§ **PROBLEM DETAILS**:
Using the data below, set down every line from the one containing "Pequenas faixas verticais, cor-de-rosa" through the one containing "This project was", inclusive and unchanged. Pictures are to be skipped.

§ **RECORDS FOR THIS EXERCISE**:
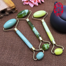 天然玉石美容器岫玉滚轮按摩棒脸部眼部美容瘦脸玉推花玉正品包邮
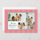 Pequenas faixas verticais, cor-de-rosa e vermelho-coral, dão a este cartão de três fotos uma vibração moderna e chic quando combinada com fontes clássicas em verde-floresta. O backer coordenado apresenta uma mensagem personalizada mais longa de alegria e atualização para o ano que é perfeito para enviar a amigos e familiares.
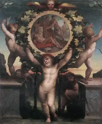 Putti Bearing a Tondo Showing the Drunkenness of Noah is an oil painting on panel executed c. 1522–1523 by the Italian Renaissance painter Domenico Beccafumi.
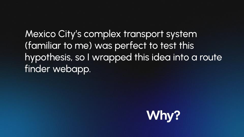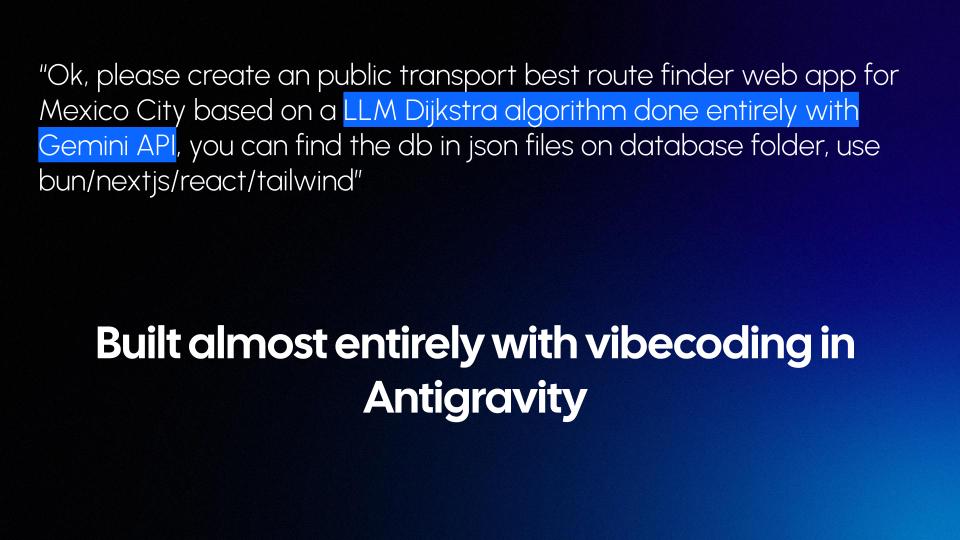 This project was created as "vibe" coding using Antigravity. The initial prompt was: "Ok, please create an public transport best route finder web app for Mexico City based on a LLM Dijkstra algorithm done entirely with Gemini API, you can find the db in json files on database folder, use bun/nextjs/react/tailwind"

---

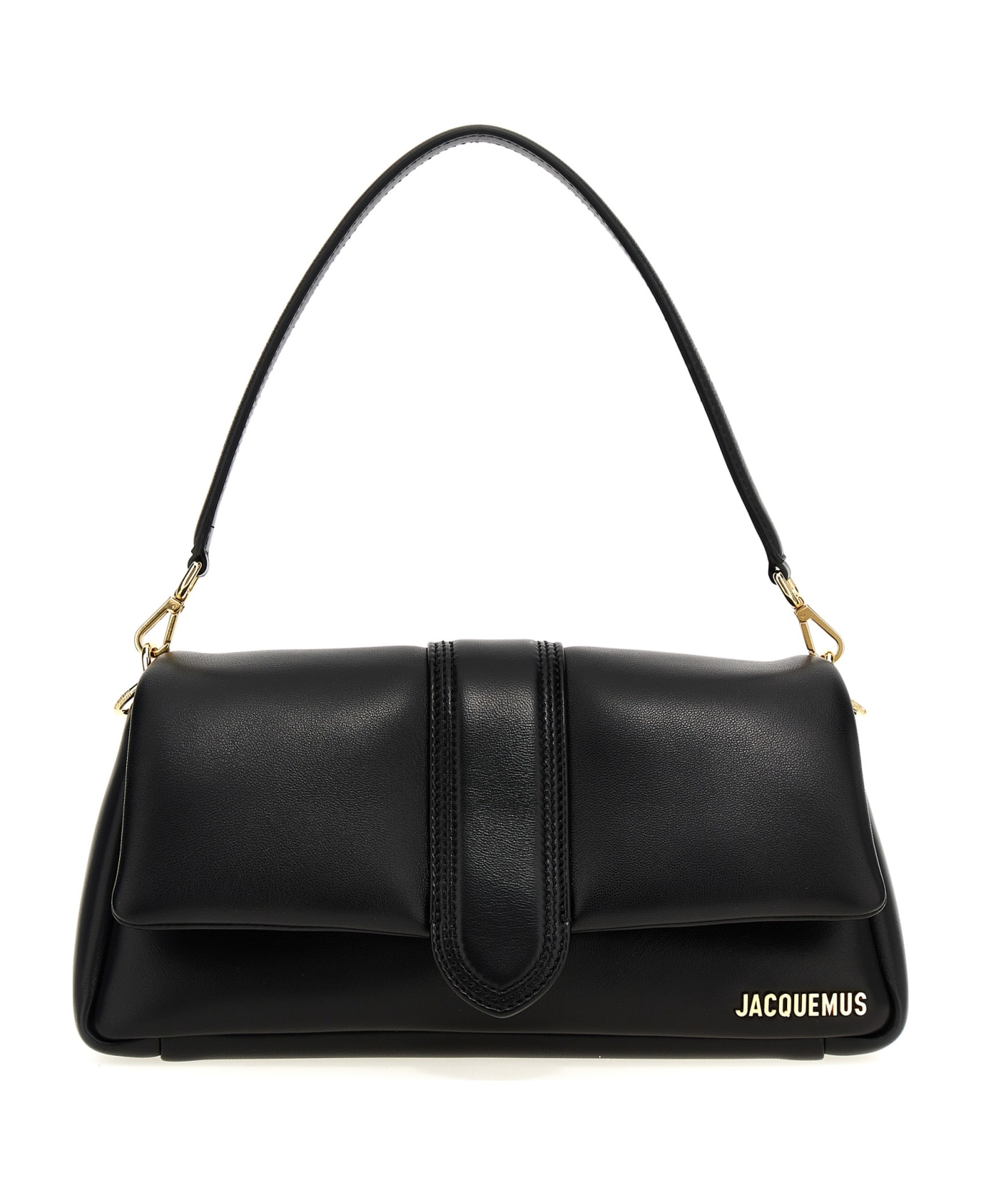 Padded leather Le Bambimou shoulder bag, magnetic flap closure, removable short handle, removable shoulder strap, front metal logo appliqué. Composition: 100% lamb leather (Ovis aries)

§ **ANSWER AREA**:
 Pequenas faixas verticais, cor-de-rosa e vermelho-coral, dão a este cartão de três fotos uma vibração moderna e chic quando combinada com fontes clássicas em verde-floresta. O backer coordenado apresenta uma mensagem personalizada mais longa de alegria e atualização para o ano que é perfeito para enviar a amigos e familiares.
 Putti Bearing a Tondo Showing the Drunkenness of Noah is an oil painting on panel executed c. 1522–1523 by the Italian Renaissance painter Domenico Beccafumi.
 This project was created as "vibe" coding using Antigravity. The initial prompt was: "Ok, please create an public transport best route finder web app for Mexico City based on a LLM Dijkstra algorithm done entirely with Gemini API, you can find the db in json files on database folder, use bun/nextjs/react/tailwind"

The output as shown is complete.